So in summary hot weather, great yields so far, corn & beans moving along nicely, send pictures in, Philadelphia Flyers rule, plot tour on September 19th and amazing DuPont Pioneer fall seed programs. Also, I will be posting yield results as they come in. Oh and lastly happy Anniversary to Slug and Mar aka. my Mom and Dad (not in that order we don’t call my mom Slug).

Start Your Engines

Its the start of the most exciting time for farmers, harvest. Even thou we usually have pretty good idea of how the crops are going to yield there is always that nervous/anticipation when the combine hits the field for the first time. This is our Stanley Cup final, as usual our biggest opponent is Mother Nature, she has made us work pretty hard so far but I think we have the upper hand right now. I believe she only has two plays left to snatch victory from us, we are by no means wet but after yesterdays rain and some of the crops not using anymore moisture it wouldn’t take too many more of those rains to make it challenging. Her biggest play to try and defeat us would be an early frost. The weather for the next three weeks is going to be important we need some nice warm dry weather. If you are someone who looks to the skies to determine when we could potentially get our first frost, I think the first full moon in September falls on the 18th. Most soybeans and corn should be far enough along to handle a frost at that time.

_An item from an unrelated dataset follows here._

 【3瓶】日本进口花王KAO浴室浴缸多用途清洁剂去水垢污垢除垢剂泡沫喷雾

All the winter wheat for the most part has been harvested and while we certainly didn’t have the same crop as last year yields were generally good, I’ve heard between 70-90 bus/ac. Some canola has been swathed, preharvest on spring wheat has begun. Late this week things should get into full swing.

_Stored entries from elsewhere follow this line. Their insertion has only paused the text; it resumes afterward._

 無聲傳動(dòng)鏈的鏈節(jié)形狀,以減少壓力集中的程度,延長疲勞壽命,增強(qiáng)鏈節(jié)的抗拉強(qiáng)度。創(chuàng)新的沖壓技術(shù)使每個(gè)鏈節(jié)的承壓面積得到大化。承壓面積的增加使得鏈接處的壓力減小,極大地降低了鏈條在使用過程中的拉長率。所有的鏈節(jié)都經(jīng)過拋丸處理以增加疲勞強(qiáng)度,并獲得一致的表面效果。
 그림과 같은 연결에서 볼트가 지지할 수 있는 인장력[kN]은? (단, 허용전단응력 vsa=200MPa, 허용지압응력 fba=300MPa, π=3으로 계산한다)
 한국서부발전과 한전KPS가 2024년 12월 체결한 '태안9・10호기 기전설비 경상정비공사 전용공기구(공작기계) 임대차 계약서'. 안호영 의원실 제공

I would love to have my weigh wagon very busy this fall so if you have Pioneer Hi-Bred canola, soybeans or corn please give me a call so we can get out to your fields and do a yield check. If you have my products in same field and one of my competitors it would be awesome to get a yield comparison. Also we are running our yield challenge again this year so again let me know when you are harvesting so I can get weigh wagon out to you.

Something that is getting more and more challenging every year is moving large equipment on roads and highways. I can not believe how much traffic there is now. To make matters worse it seems everyone is in a hurry, so be careful this fall out there and one thing I have learned is that you can’t assume the people driving vehicles are going to adhere to traffic laws, it seems that solid no pass lines don’t apply when passing a combine with a 35 foot header or a left turn signal doesn’t mean anything when its attached to something other than a car.

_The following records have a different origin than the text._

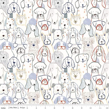 Riley Blake - Designer Flannel - Inky Dog Club, White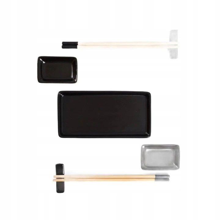 ✴️ Komplet 7 elementów Zestaw zawiera wszystkie niezbędne akcesoria do wygodnego podania sushi dla dwóch osób.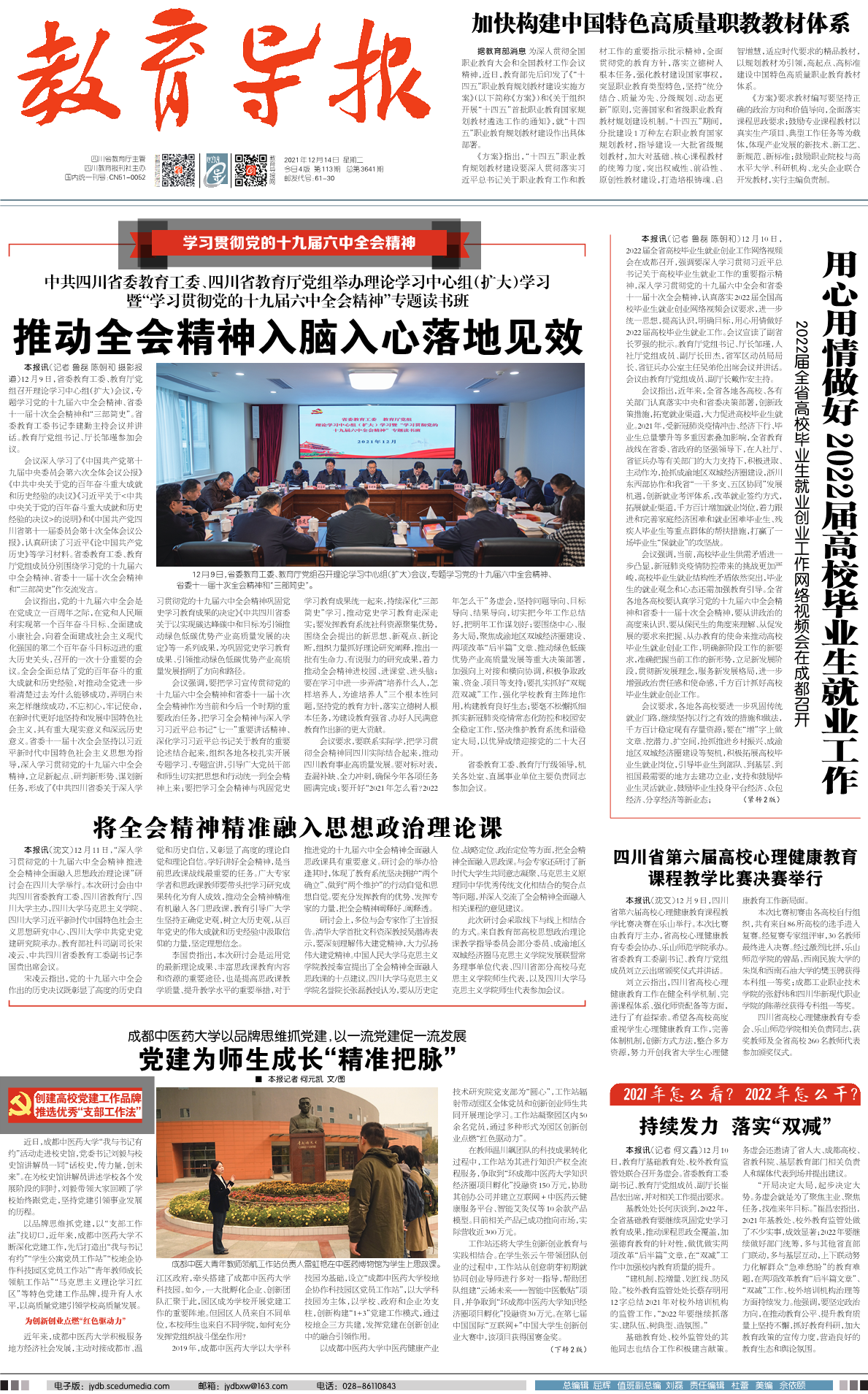 2021年12月14日,《教育导报》头版以《党建为师生成长“精准把脉”》专题报道伟德以品牌思维抓党建,以一流党建促一流发展情况。以下为报道全文:

It was my birthday last week and I got one of the best birthday presents ever, a friend who I have not seen in 16 years stopped by. Dmitri worked for us in the mid 90’s and quickly became a huge part of our family, pretty much the fifth Erb son. He is a remarkable person, in 1991 he left Moldova a small country that was once part of the USSR with his wife, 2 year old son, a suitcase and the clothes on their back to come to Canada. They had no family or friends here and didn’t speak a word of English. Somehow he ended up working for us and after 3 years he moved to Southern Ontario. I missed him a lot after he left at first I thought is was because he was such a great worker but quickly realized it was because I missed my friend. By the time he left for Ontario his family had expanded to include two daughters and the suitcase became a small trailer. Over the last 16 years he has started his own business, built a new house and sent two kids to university (son has a Master Degree, oldest daughter is in her 3rd year and youngest is still in high school).They all came for a visit last week and it was a great day. They thanked us for helping them make a life in Canada which was humbling considering how much they have done since coming to Canada, like I said him and his family are remarkable.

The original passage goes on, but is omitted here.